"The young age of chromosome X is an evolutionary smoking gun."
Different regions of the human and chimp genomes were found to have diverged at widely different times, and the two species' X chromosomes show a surprisingly recent divergence time.
This genetic evidence boosts the theory that the two species may have hybridized, because interbreeding causes strong selective pressure on the X chromosome and could have resulted in that chromosome's very young age in both humans and chimpanzees.
Different species can, and sometimes do, mate to produce hybrid offspring. Horses and donkeys produce mules, for example. Likewise, "rheboons" are the offspring of female baboons and male rhesus macaques.
Because most hybrid offspring can't reproduce, evolutionary biologists don't believe hybridization plays a significant role in the long-term evolutionary success of new animal species.
But recent research has found some evidence of the process in the development of unique fly and fish species.
"That such evolutionary events have not been seen more often in animal species may simply be due to the fact that we have not been looking for them," Harvard's Reich said.
Reich also explained that the new study doesn't prove that hybridization occurred.
"It's the only explanation that we could imagine," he said. "But there may be others that we can't imagine."
Penn State's Makova notes that a chimpanzee genome sequencing project she took part in pointed to "male mutation bias" as a possible cause of the X chromosome's young appearance. "Male mutation bias" is the term for a higher mutation rate in males than in females.
"To obtain a final answer analysis of complete sequences of orangutan, macaque, and marmoset will be very helpful in obtaining better understanding of this question."
Researchers are currently working to generate those sequences, and studies of the Y chromosome in primates may also help to paint a clearer picture of the chimp-human split.
DNA and Fossil Evidence
If the new evolutionary timeline estimates prove correct they will raise interesting new questions about the status of notable fossils such as Sahelanthropus tchadensis, a species believed to be an early human precursor.

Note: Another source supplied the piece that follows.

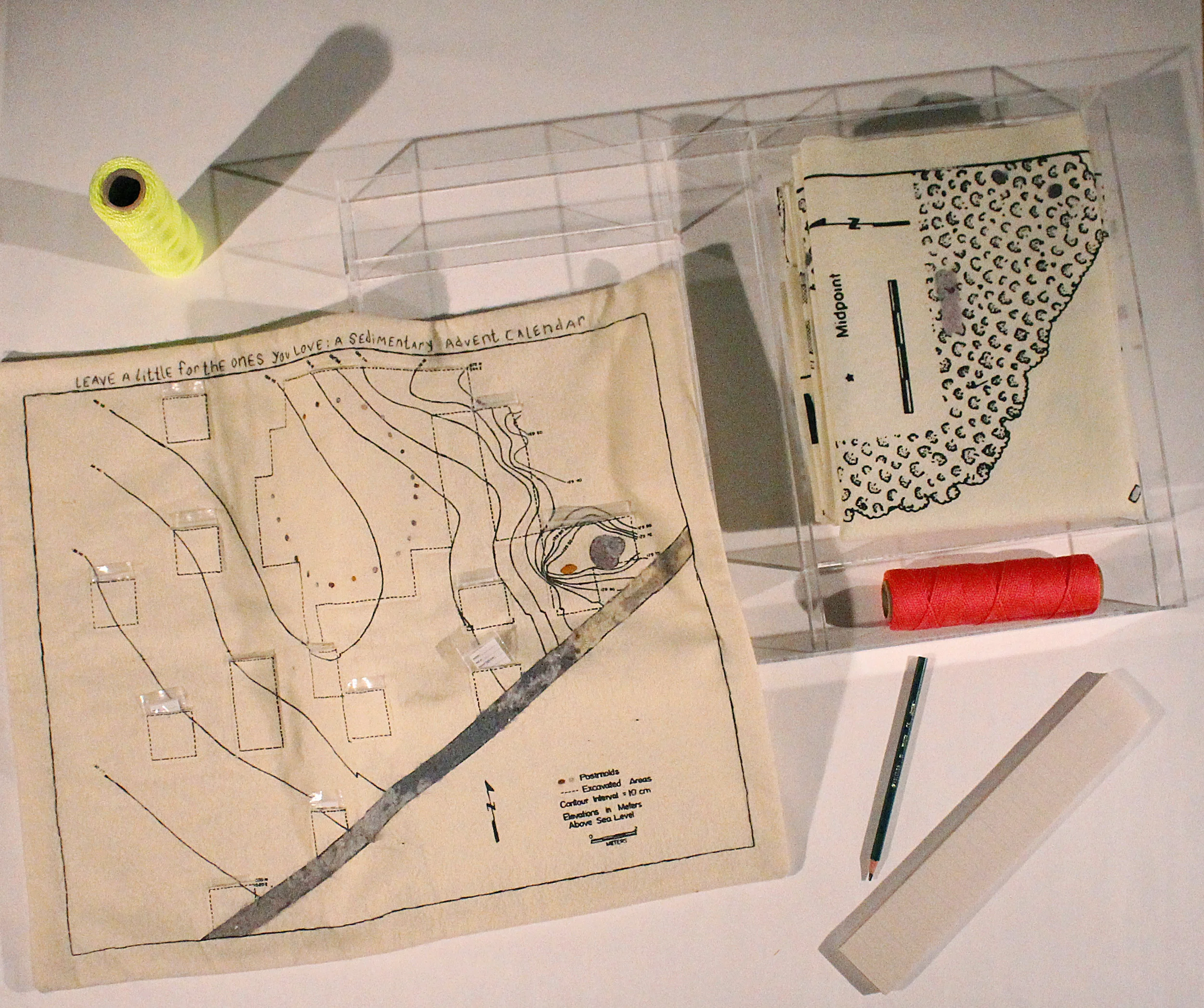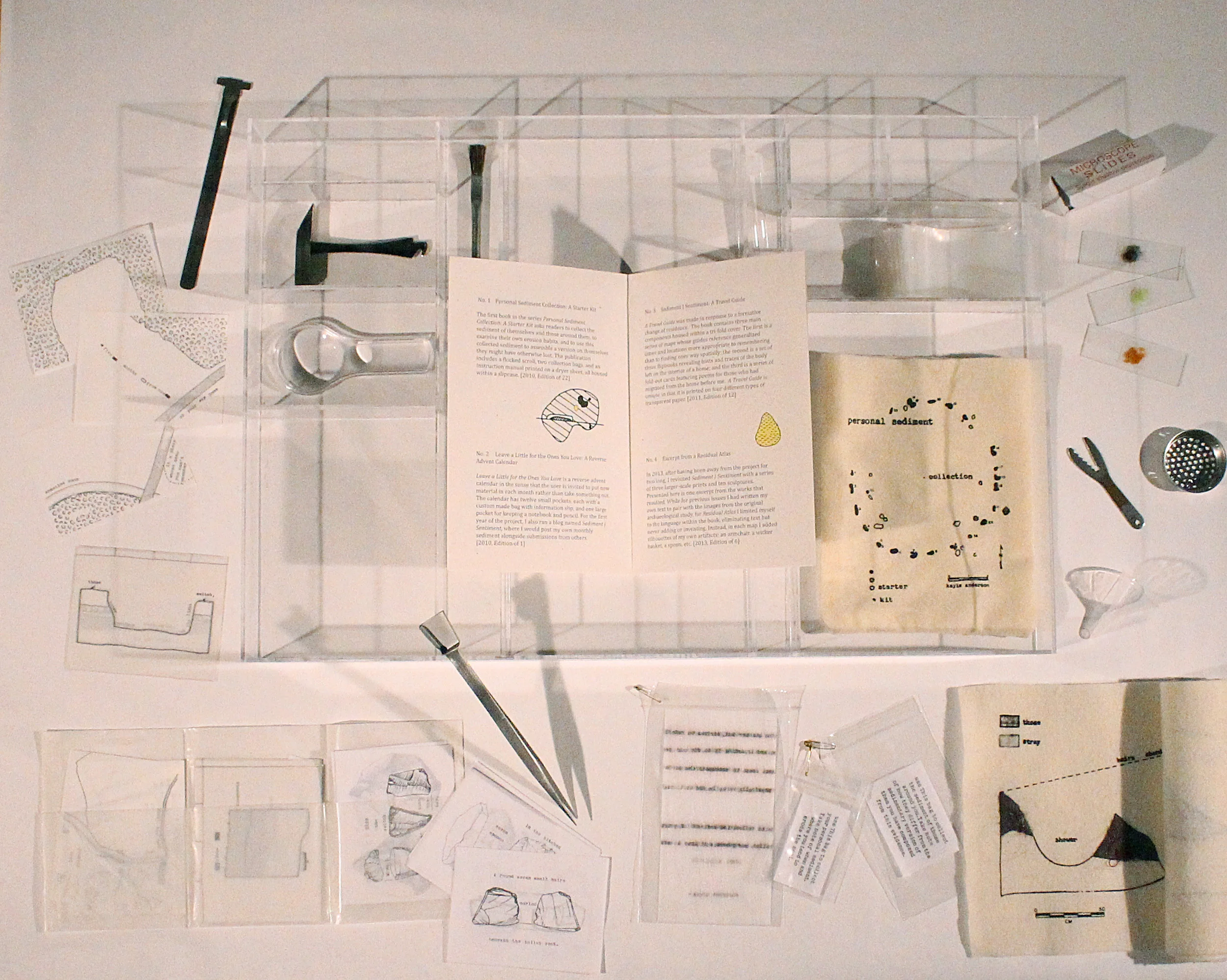 Sediment | Sentiment: Collector’s Edition is both a comprehensive collection of the publications and a kit to encourage other types of collecting. Alongside the publications are homespun tools for performing your own domestic, small-scale archaeological digs: miniature funnel and strainer for flotation analysis; bags, slides and test tubes for collecting a range of materials; and chisel, brush, and multi-functional tweezer-shovel for the real dirty (or dusty) work. The case itself acts as a traveling toolbox and a set of two collection trays for use in the field.

S. tchadensis, or Toumaï fossils have been dated to the proposed interval period between the initial divergence and the final human-chimp genetic split.

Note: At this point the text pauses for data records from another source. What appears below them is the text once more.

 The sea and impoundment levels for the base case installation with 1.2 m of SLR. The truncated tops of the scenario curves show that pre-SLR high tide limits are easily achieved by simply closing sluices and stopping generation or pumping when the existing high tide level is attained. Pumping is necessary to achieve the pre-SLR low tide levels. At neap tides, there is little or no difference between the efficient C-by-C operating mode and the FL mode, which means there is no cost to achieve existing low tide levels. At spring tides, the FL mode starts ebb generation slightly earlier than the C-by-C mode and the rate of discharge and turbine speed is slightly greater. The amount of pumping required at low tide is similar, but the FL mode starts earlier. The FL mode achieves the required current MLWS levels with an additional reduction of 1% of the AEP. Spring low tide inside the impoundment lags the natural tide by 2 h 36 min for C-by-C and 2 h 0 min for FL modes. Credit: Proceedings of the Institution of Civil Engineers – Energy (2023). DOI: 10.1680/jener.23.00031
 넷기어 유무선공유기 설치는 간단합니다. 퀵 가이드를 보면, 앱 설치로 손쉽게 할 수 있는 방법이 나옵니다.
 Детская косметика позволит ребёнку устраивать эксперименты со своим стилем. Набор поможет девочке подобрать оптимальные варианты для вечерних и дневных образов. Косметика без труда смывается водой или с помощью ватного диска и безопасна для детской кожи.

The Toumaï species has what are considered distinctive human features and consequently has been regarded as evidence that the lineages must have split before Toumaï's era, estimated at 6.5 to 7.4 million years ago.
"It is possible that the Toumaï fossil is more recent than previously thought," Nick Patterson, a senior research scientist at the Broad Institute, said in a statement.

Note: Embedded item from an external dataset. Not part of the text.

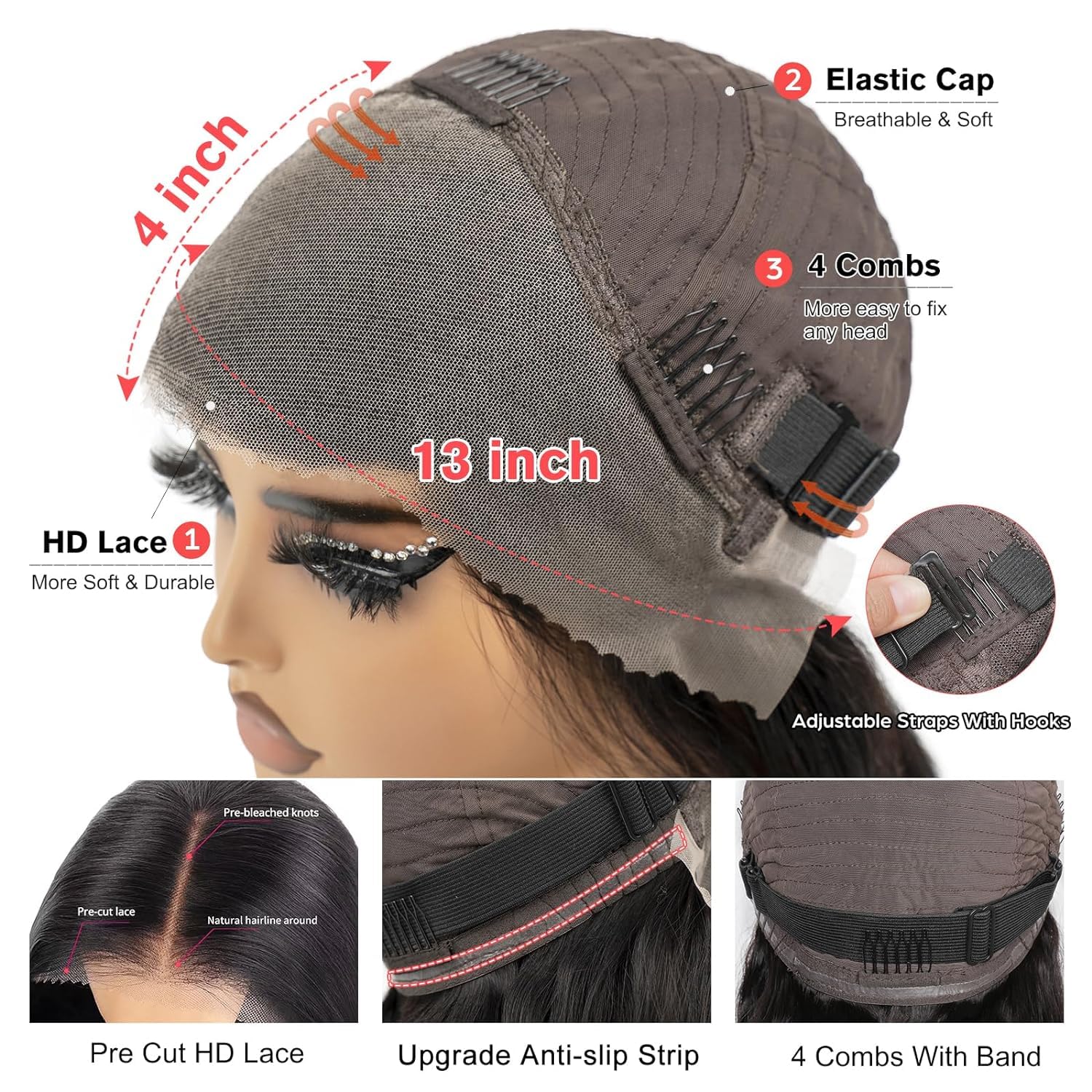 - 【Wig Cap】Default Average Cap Size 22.5' Circumferences, Has Two Adjustable Straps With 4 Combs Inside, Fit For Most Of Head.

"But if the dating is correct, the Toumaï fossil would precede the human-chimp split. The fact that it has humanlike features suggests that human-chimp speciation may have occurred over a long period, with episodes of hybridization between the emerging species."
Such a possibility raises some interesting questions about the relations of humans, chimps, and other primates.
"Are we the hybrids, or are chimps the hybridsor are we both the hybrids?" Reich pondered.